Ci vogliono quindi le proteine, meglio se vegetali, i grassi (con un regolare consumo di olio di oliva a crudo e avendo cura di assumere anche acidi grassi essenziali tipo omega 3 e 6 nelle giuste proporzioni, attraverso pesce di acque fredde e frutta secca) e, per ciò che riguarda gli zuccheri, si devono scegliere carboidrati complessi, in modo da poter contare su una produzione costante di energia, senza sbalzi glicemici. Importante è anche l’idratazione: l’acqua è il solvente fondamentale per ogni processo biochimico che avviene nel corpo umano e dunque bere acqua, regolarmente, è indispensabile.

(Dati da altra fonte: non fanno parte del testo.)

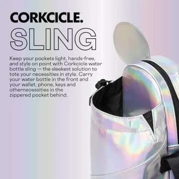 Show more Introducing the ultimate accessory for any stylish adventurer! The Corkcicle x Disney Minnie Mickey Mouse Ears Water Bottle Holder is not just a crossbody sling; it's a blend of functionality and fun. This chic holder is designed to keep your essentials close and your hands free, making it the perfect companion whether you're hitting the gym, going for a hike, or exploring a magical kingdom. The sleek design showcases a playful Minnie Mickey Mouse Ears print, adding a dash of Disney charm to your everyday outings.
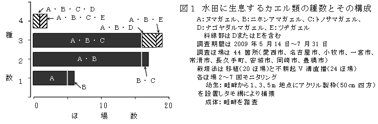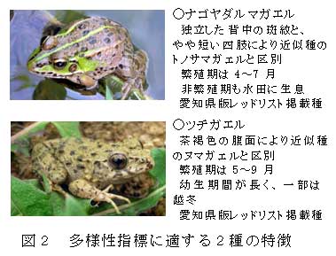愛知県平野部水田に生息するナゴヤダルマガエルまたはツチガエルは、移植日、水深、農薬使用などの環境要素に影響されるカエル類の多様性を反映するため、生物多様性指標の一つとして適する。 |
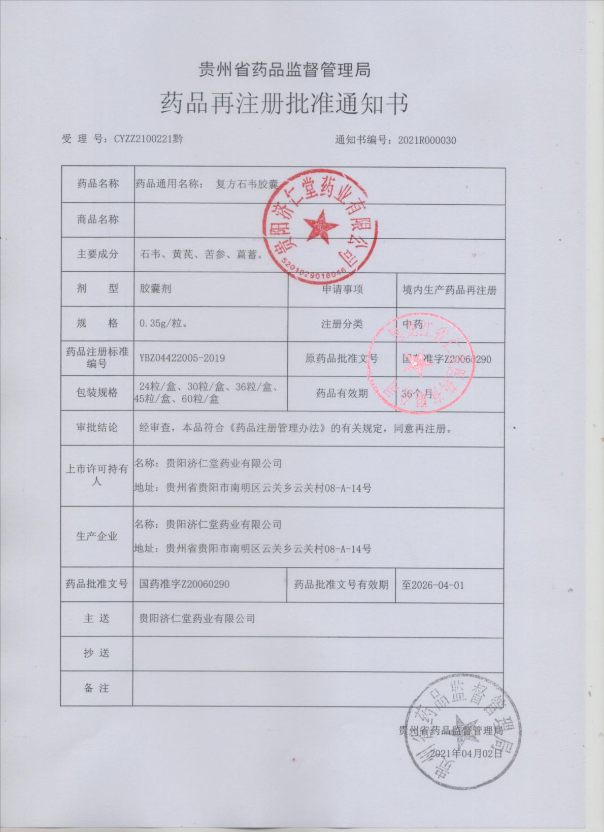 复方石韦胶囊贵阳济仁
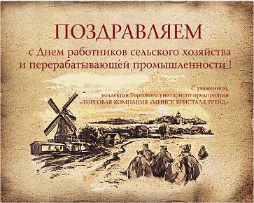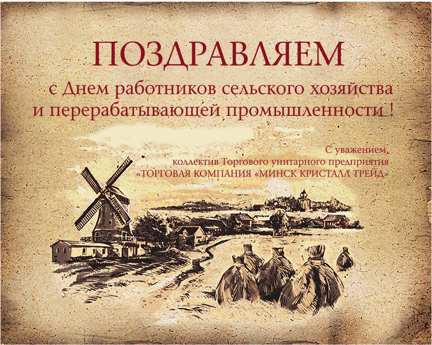 Пусть ваши усилия всегда приводят к впечатляющими результатами, а плоды Вашего труда превосходят самые смелые ожидания – ведь благодаря слаженной работе всего коллектива белорусский стол всегда богат и разнообразен!
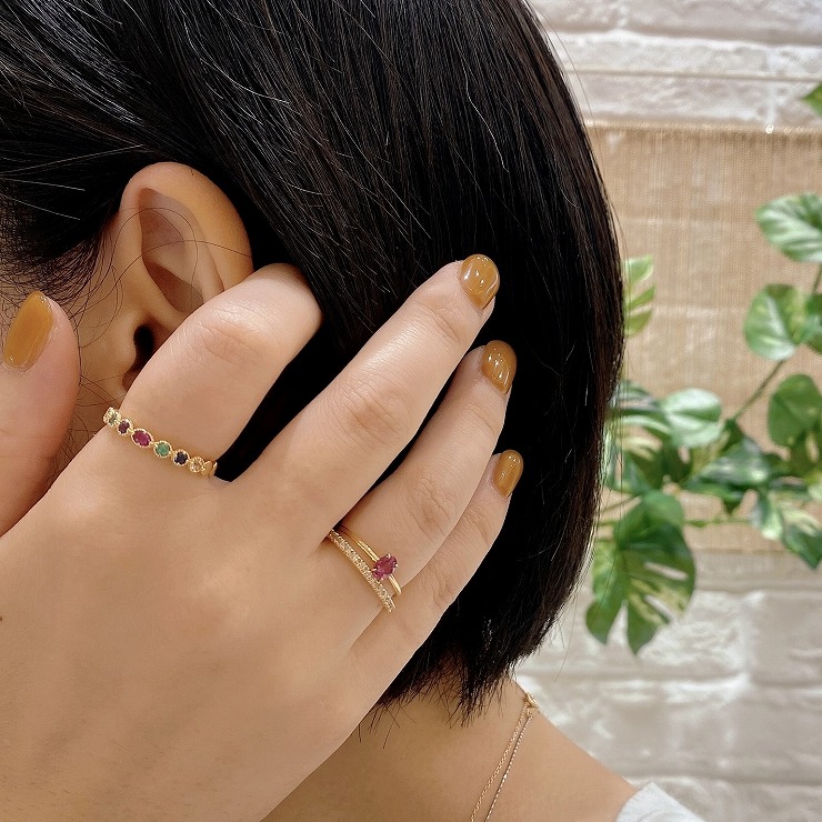 ルビーを筆頭に鮮やかな天然石リングでまとめたコーディネート。

Come si pone a proposito degli integratori?
Vanno eventualmente prescritti caso per caso e non prima di avere fatto delle analisi opportune per evidenziare eventuali carenze. È possibile che, in caso di intestino infiammato, ci siano delle carenze date da malassorbimento che potrebbero richiedere un aiuto in forma di integrazione. Comunque sia mi preme sottolineare come la sostanza che probabilmente risulta essere più necessaria, per via di una generale carenza diffusa anche nella popolazione non fibromialgica, è quella di vitamina D (per avere una panoramica sulla vitamina D e il suo ruolo nell’organismo, clicca qui).
La vitamina D, infatti, che tutti conosciamo per la sua azione sulle ossa, è in realtà in grado di intervenire in oltre 2000 processi di attivazione dei geni e, dunque, una sua carenza può avere conseguenze metaboliche importanti. Che possono senz’altro peggiorare il quadro del paziente fibromialgico.